Security problems will persist at least into the initial half of 2014 as the government struggles to control the activities of militias that have proliferated in Libya next the 2011 civil war. Disagreements between liberal and Islamist political groupings have weakened the government\'s ability to enforce the policy of law and replace oil production to pre-crisis levels.

Economic policy outlook

An increase in the wages of national employees by 20% and annual bonuses were announced on September 4th. The government has maintained populist measures to placate public unrest. However, it may need to use some of its large foreign reserves in order to sustain high current spending in 2013, should oil output continue to dive sharply.

Economic forecast

Libyan oil output fell to its lowest level since the 2011 civil war at the end of July, owing to disruptions to the oil supply in the eastern and western regions. Official oil production figures suggest that output has fallen below 250,000 barrels/day in recent weeks.

Outlook for 2013-17

  • Political power has been transferred from appointed officials to elected representatives, but political uncertainty will remain high for much of the estimate period.
  • The transition will face delays owing to security issues, inclunding conflict over government-sanctioned militias and strikes by oil sector workers. Government failure to meet or manage public expectations may spark social unrest.
  • Economic policy in the post-Qadhafi era is expected to combine a heavy central-government role in reconstruction with market-oriented reforms.
  • The oil minister has suggested that new hydrocarbons legislation is imminent and that an oil-licensing round will be held before the end of 2013. However, security and other concerns suggest that the round is likely to be delayed.
  • Following a massive 92.1% rebound in 2012, the Libyan economy will grow by an annual average of 9% in 2013-17 on the back of increased activity in both the oil and non-oil sectors.
  • Inflation averaged 6.1% in 2012, and The Economist Intelligence Unit expects it to be maintained at an average of 4.8% over the estimate period by sustained private consumption and government spending.
  • We expect the current-account surplus to average 17.6% of GDP a year over the estimate period, although it will shrink sharply in the latter part of the period, to 8.8% of GDP in 2017, as oil prices drop.

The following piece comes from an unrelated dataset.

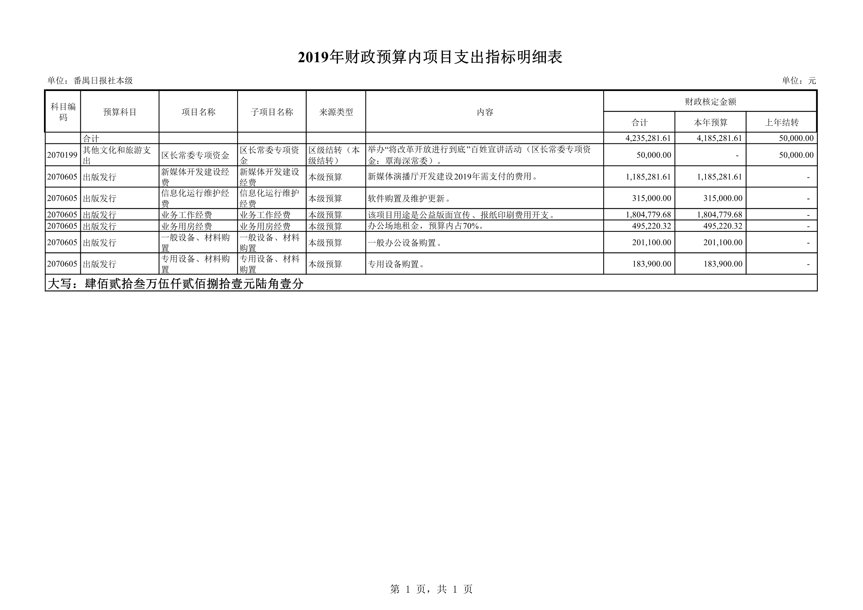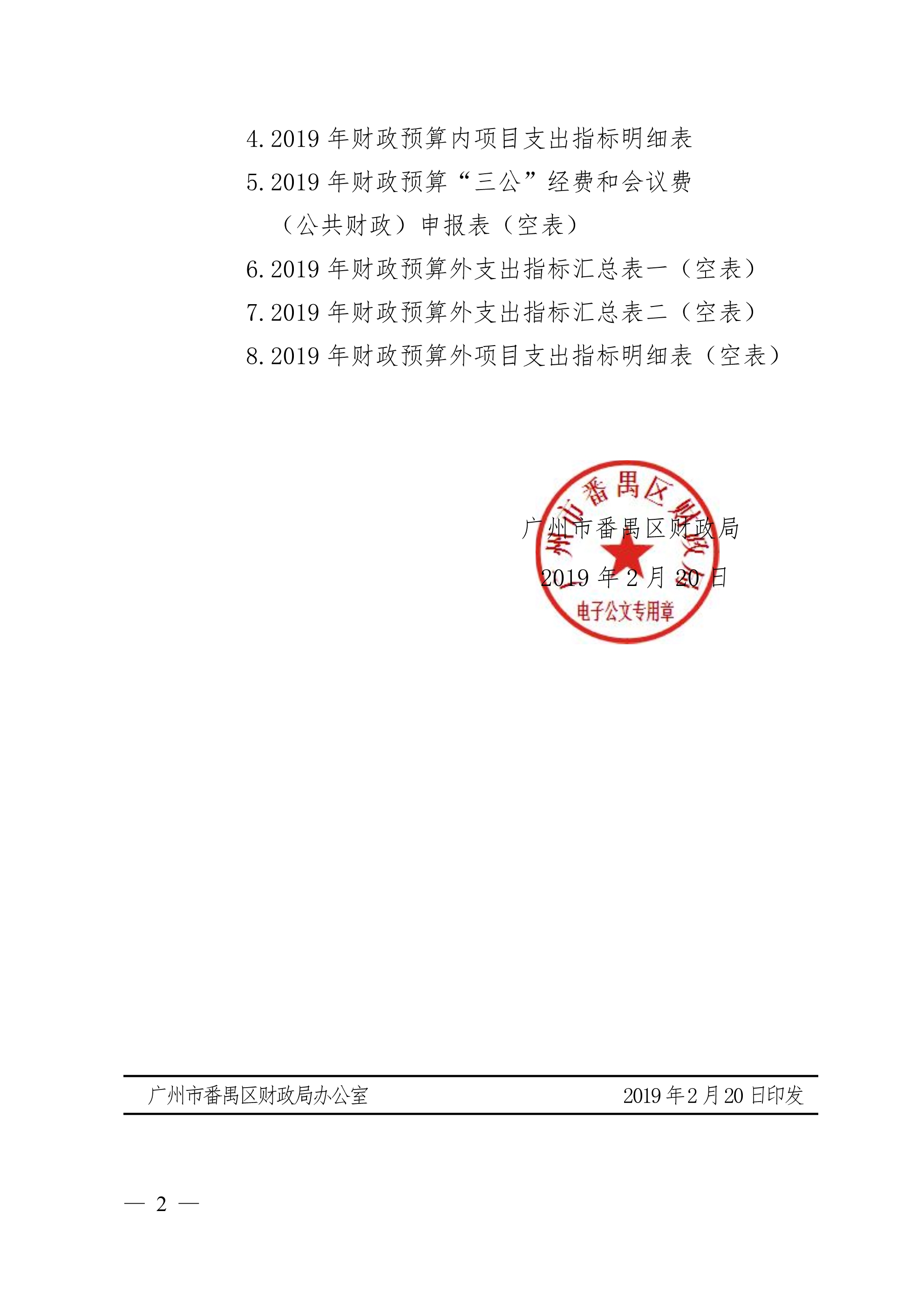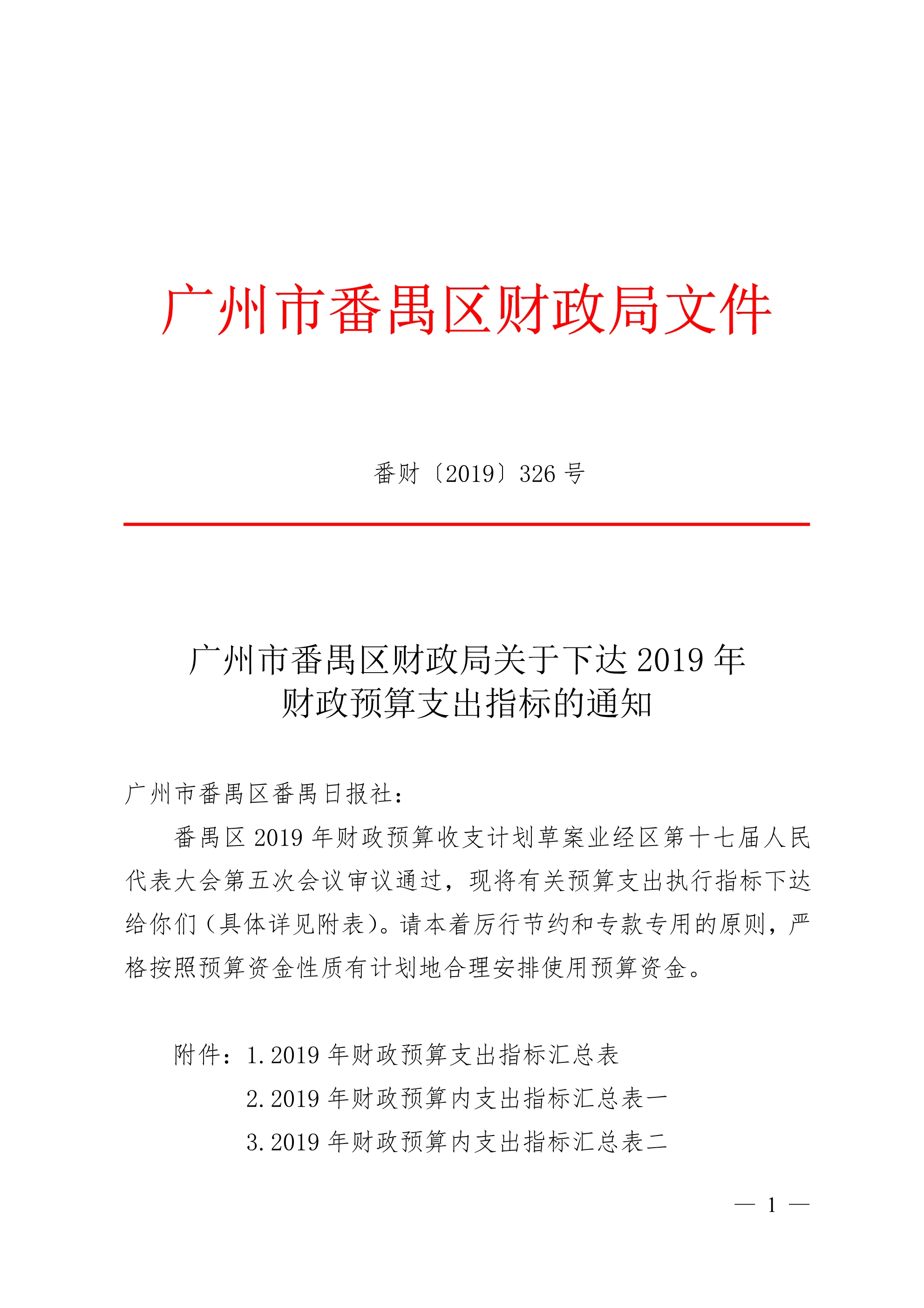 广州市番禺区财政局关于下达2019年财政预算支出指标的通知

  • The prime minister announced the launch of a national dialogue in August aimed mainly at addressing the constitution writing process and disarmament.
  • The trial of Saif al-Islam, the son of the former leader, Muammar al-Qadhafi, is due to take place on September 19th. However, tribal militias in Zintan insist on keeping the trial within Zintan, reflecting tense relations with the government.
  • In August unknown militias closed a pipeline linking two of the major oil‑fields in the west-Al Feel and Al Sharara-bringing down oil production to its lowest level since the 2011 civil war, and threatening fiscal stability in 2013/14.
  • The national-owned National Oil Corporation announced on August 18th that it was invoking force majeure on exports from four terminals that have been closed by protests since late July.
  • The government has been pushing in recent weeks for parliamentary legislation that would allow for the removal of food and fuel subsidies. These will be restored by a monthly direct cash transfer of US$102 per citizen.